_Exercise directions_
Starting at the line that contains "輪ゴムで数字を当てる 「ねらったのしいおみせやさん」" and stopping at the line that contains "На обновленном фасаде новая вывеска", transcribe every line of the material below exactly; pictures stay out.

_Data for analysis_
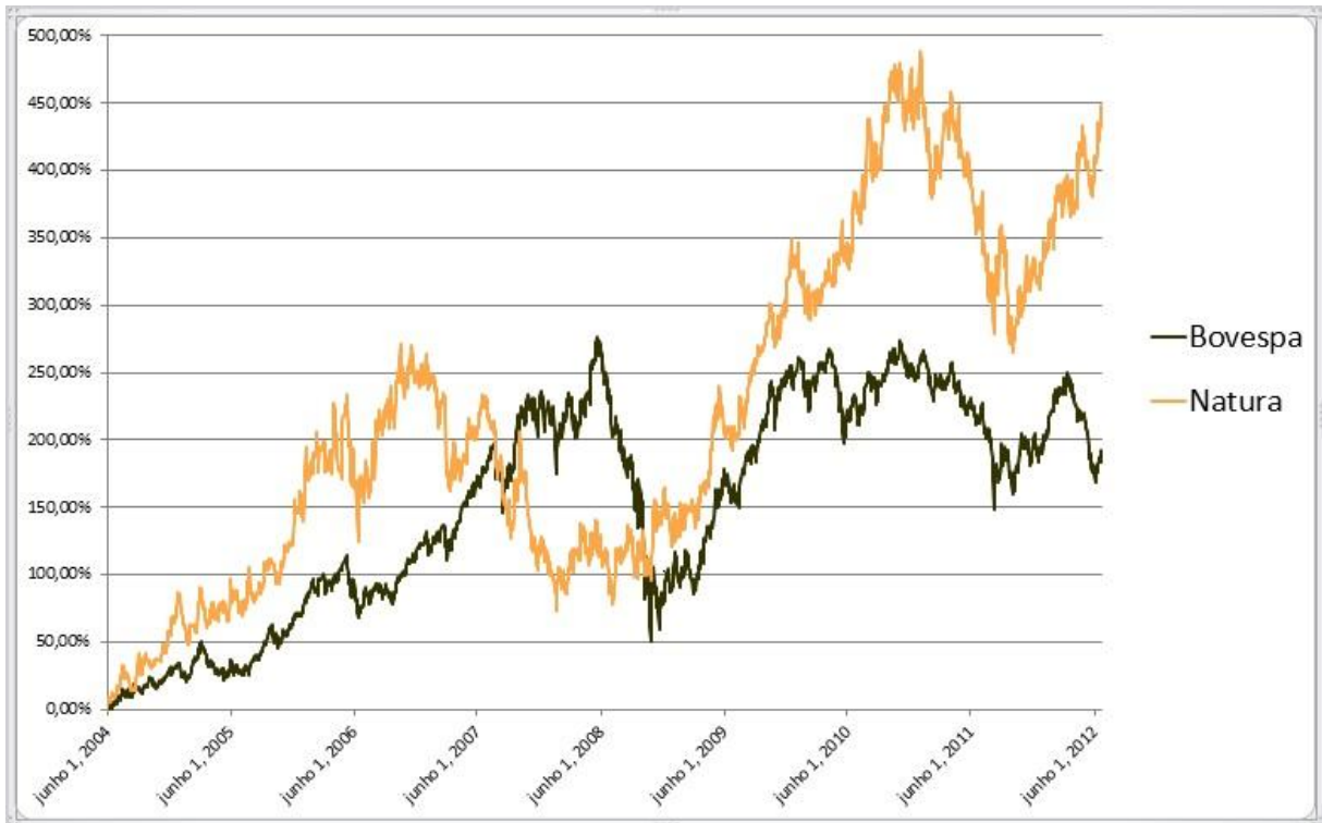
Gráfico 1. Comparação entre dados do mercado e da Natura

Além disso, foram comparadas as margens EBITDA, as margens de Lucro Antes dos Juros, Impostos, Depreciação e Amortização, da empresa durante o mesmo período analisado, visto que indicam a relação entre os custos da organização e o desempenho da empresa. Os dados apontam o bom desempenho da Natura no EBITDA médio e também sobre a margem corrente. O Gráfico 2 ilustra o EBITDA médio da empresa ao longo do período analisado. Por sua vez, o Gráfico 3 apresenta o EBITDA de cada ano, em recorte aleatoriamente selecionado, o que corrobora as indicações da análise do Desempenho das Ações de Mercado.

---

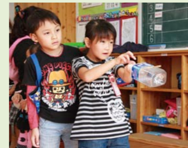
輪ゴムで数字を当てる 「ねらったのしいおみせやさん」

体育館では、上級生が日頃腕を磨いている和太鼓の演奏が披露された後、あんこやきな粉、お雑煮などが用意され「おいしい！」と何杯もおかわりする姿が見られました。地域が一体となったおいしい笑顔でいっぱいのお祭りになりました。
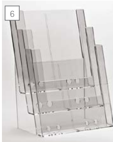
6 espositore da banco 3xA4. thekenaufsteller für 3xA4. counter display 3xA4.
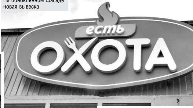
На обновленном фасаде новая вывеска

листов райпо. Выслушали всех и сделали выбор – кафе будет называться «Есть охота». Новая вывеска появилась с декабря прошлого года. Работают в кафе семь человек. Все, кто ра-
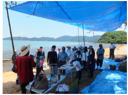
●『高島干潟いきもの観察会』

...

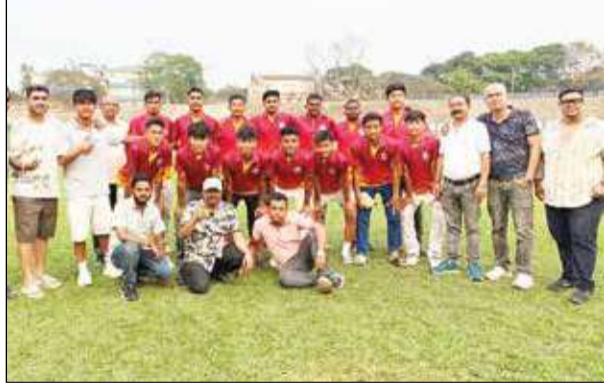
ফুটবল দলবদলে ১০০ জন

_Response area_
輪ゴムで数字を当てる 「ねらったのしいおみせやさん」

体育館では、上級生が日頃腕を磨いている和太鼓の演奏が披露された後、あんこやきな粉、お雑煮などが用意され「おいしい！」と何杯もおかわりする姿が見られました。地域が一体となったおいしい笑顔でいっぱいのお祭りになりました。
6 espositore da banco 3xA4. thekenaufsteller für 3xA4. counter display 3xA4.
На обновленном фасаде новая вывеска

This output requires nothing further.